L’offload VLAN peut faire que les tags soient gérés en matériel, rendant les captures confuses selon l’interface et le driver. Capturez à plusieurs points (tap et physique) et corrélez avec bridge vlan show.

7) Le firewall Proxmox peut-il casser le DHCP sur un VLAN ?

Oui. Le DHCP génère beaucoup de broadcasts et est sensible au filtrage. Si le trafic ponté passe par netfilter, une règle peut bloquer DHCP ou ARP et faire croire que « le VLAN est cassé ».

8) Les VLANs nécessitent-ils un MTU plus élevé ?

Pas nécessairement. Le MTU standard 1500 fonctionne avec le marquage VLAN dans la plupart des environnements. Les problèmes apparaissent quand vous utilisez des jumbo frames et qu’un lien du chemin n’a pas le même MTU.

9) Mon switch dit que le port est en trunk, mais le VLAN échoue quand même. Que dois-je demander ?

Demandez : la liste des VLANs autorisés, le VLAN natif, et la confirmation que tous les membres du port-channel ont des réglages VLAN/MTU identiques. « C’est un trunk » n’est pas une réponse.

10) Est‑il sûr de faire circuler le trafic de management sur le même bridge VLAN-aware que les guests ?

Cela peut être fait, mais ce n’est pas ma préférence. Séparez le management (vmbr0) des trunks invités (vmbr1) quand c’est possible. Ça réduit le rayon d’action et rend le dépannage moins cinématique.

Conclusion : prochaines étapes pour éviter la récidive

Corriger un problème VLAN Proxmox n’est que rarement une histoire de « bon réglage magique ». Il s’agit de rendre explicite le contrat de marquage : qui marque, où c’est autorisé, et ce que signifie non tagué.

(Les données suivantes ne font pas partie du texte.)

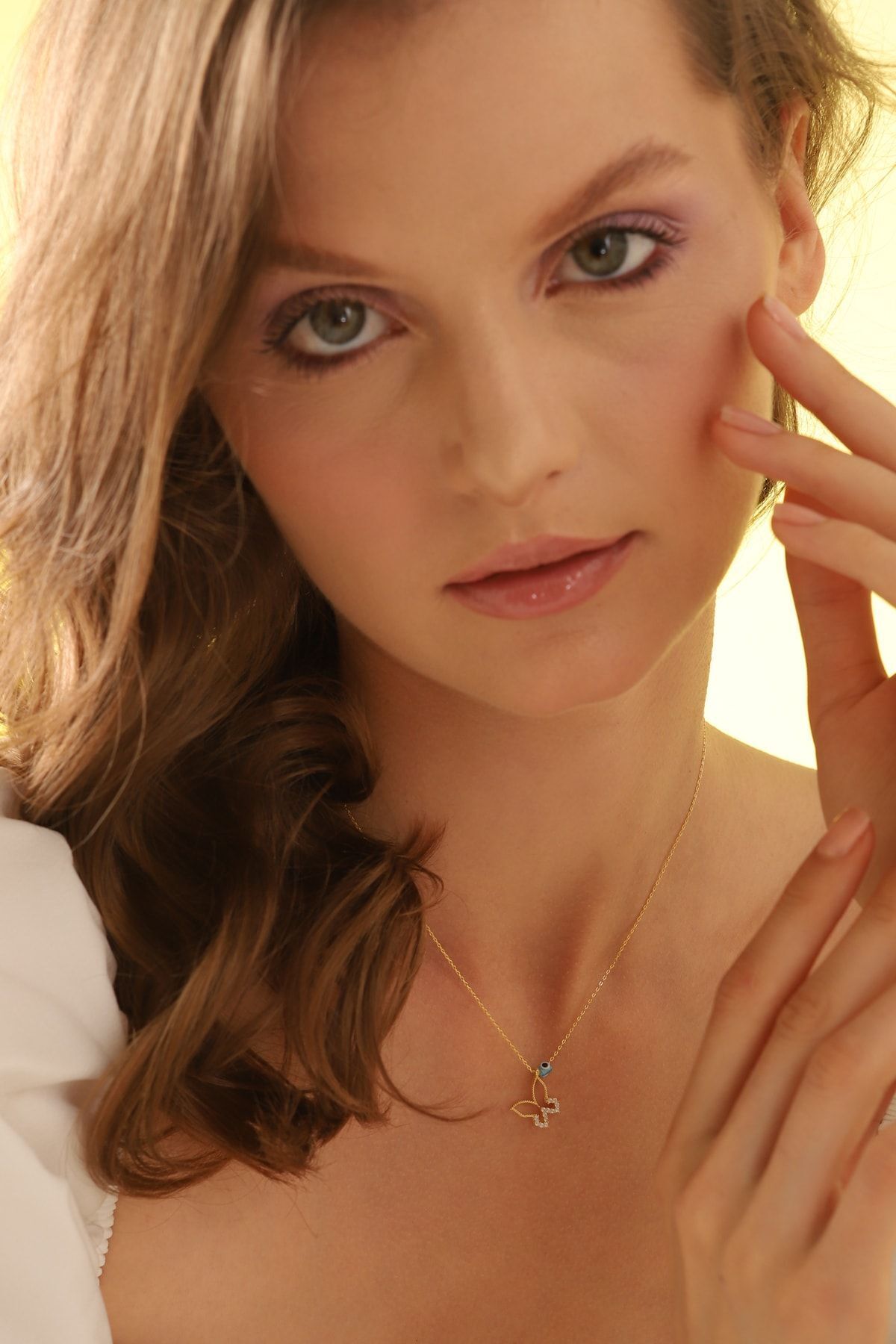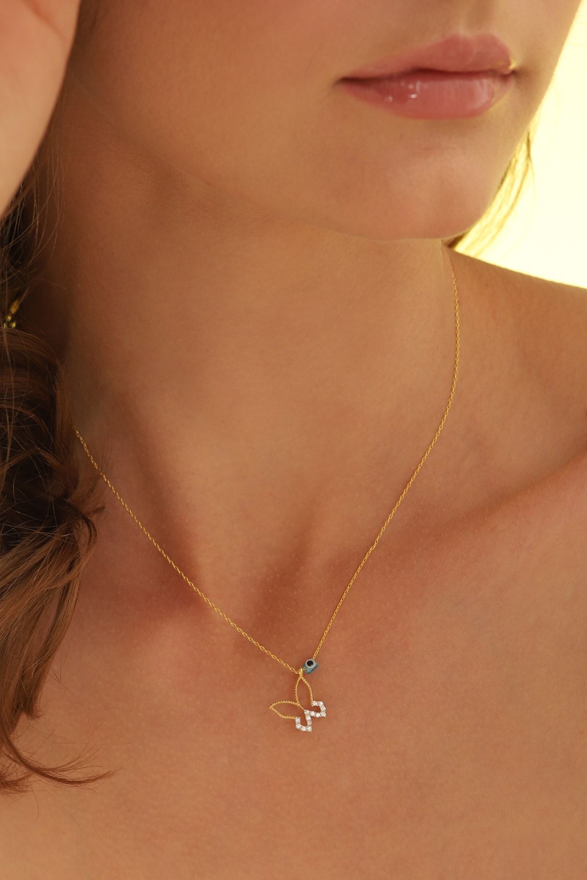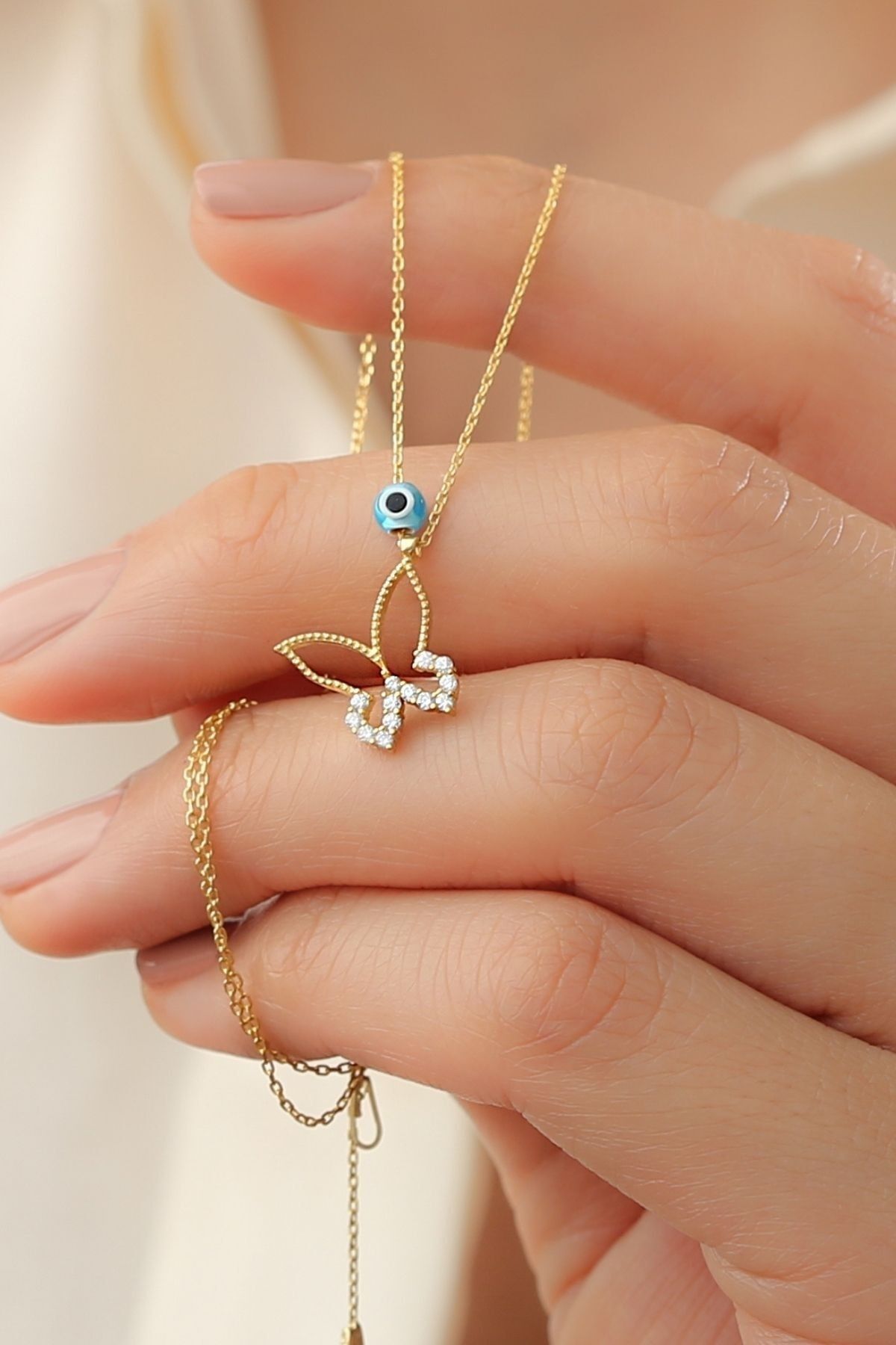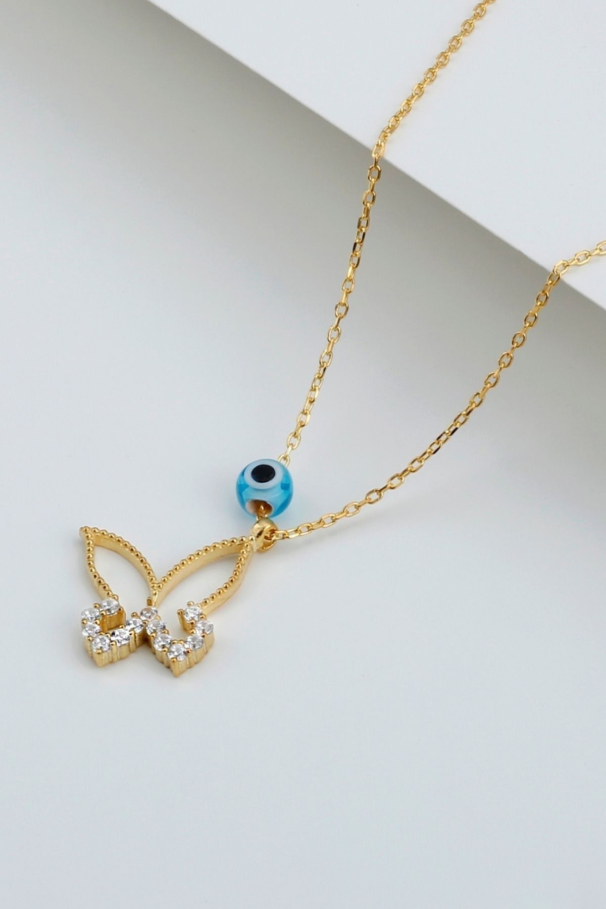 925 Ayar Nazarlı Kelebek Gold Gümüş Kolye

Une fois que vous pouvez montrer une capture et dire « ceci est le VLAN 100 quittant l’hôte », les disputes s’arrêtent et l’ingénierie peut reprendre.

Faites ceci ensuite :

  1. Standardisez le réseau des nœuds sur tout le cluster (mêmes noms de vmbr, mêmes réglages VLAN-aware et même comportement de bond).
  2. Documentez les attentes des trunks switch en langage opérationnel : VLANs autorisés, VLAN natif, MTU, politique LACP.
  3. Ajoutez une routine de validation répétable : une VM connue ou un script capable de DHCP/ping sur un VLAN spécifié, plus une recette de capture.
  4. Rendez le double-tagging difficile par politique : soit Proxmox tague les VLANs access, soit le guest fait du trunking — jamais les deux.

Si vous ne faites rien d’autre, retenez ceci : le dépannage VLAN consiste à vérifier si le tag que vous imaginez est bien le tag réellement présent sur le câble.